**What the task requires:** Once you find the line with "Happy Lemon Dulci Set" in the listing below, set down exactly every line from it through the line with "The obtained literature", but no pictures.

**Exercise data:**
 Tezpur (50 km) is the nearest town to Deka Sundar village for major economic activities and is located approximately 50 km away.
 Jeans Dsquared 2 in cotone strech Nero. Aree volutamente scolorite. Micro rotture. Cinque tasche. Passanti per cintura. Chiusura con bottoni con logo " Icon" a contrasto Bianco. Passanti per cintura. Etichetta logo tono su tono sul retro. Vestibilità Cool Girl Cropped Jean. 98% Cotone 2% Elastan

==

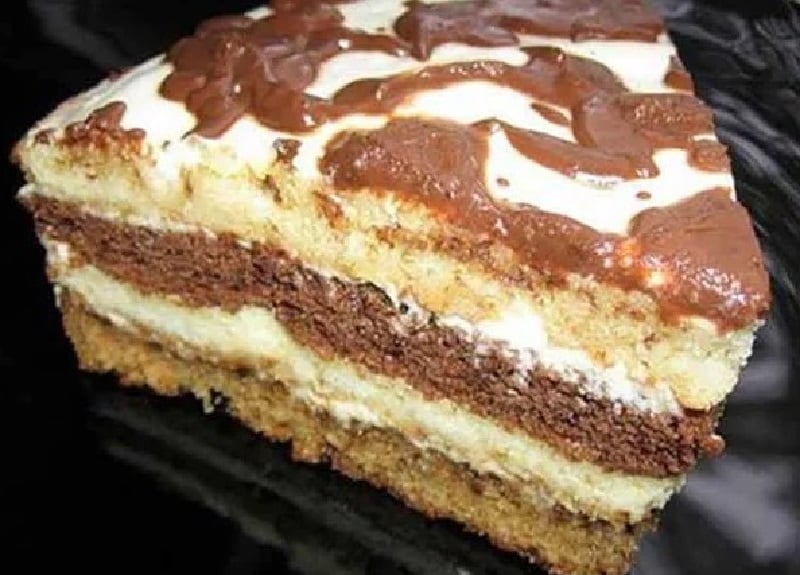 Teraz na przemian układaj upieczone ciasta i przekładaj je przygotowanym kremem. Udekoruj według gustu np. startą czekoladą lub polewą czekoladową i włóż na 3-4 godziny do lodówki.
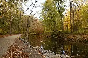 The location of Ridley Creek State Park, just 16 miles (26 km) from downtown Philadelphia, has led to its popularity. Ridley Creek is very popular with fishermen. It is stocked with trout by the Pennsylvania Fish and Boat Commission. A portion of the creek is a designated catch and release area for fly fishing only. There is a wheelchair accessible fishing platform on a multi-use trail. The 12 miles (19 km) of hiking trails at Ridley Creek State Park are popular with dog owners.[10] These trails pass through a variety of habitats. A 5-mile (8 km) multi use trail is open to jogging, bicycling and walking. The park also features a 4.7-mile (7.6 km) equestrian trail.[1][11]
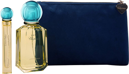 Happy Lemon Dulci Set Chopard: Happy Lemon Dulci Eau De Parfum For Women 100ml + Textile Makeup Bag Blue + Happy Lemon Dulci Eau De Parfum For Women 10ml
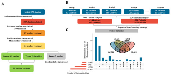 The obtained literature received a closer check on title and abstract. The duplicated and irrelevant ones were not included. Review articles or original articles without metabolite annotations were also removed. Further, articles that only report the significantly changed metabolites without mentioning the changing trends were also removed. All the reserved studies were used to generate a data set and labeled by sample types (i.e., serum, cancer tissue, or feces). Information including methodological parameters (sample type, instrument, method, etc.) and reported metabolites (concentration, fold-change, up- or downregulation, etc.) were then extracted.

**Answer for this exercise:**
 Happy Lemon Dulci Set Chopard: Happy Lemon Dulci Eau De Parfum For Women 100ml + Textile Makeup Bag Blue + Happy Lemon Dulci Eau De Parfum For Women 10ml
 The obtained literature received a closer check on title and abstract. The duplicated and irrelevant ones were not included. Review articles or original articles without metabolite annotations were also removed. Further, articles that only report the significantly changed metabolites without mentioning the changing trends were also removed. All the reserved studies were used to generate a data set and labeled by sample types (i.e., serum, cancer tissue, or feces). Information including methodological parameters (sample type, instrument, method, etc.) and reported metabolites (concentration, fold-change, up- or downregulation, etc.) were then extracted.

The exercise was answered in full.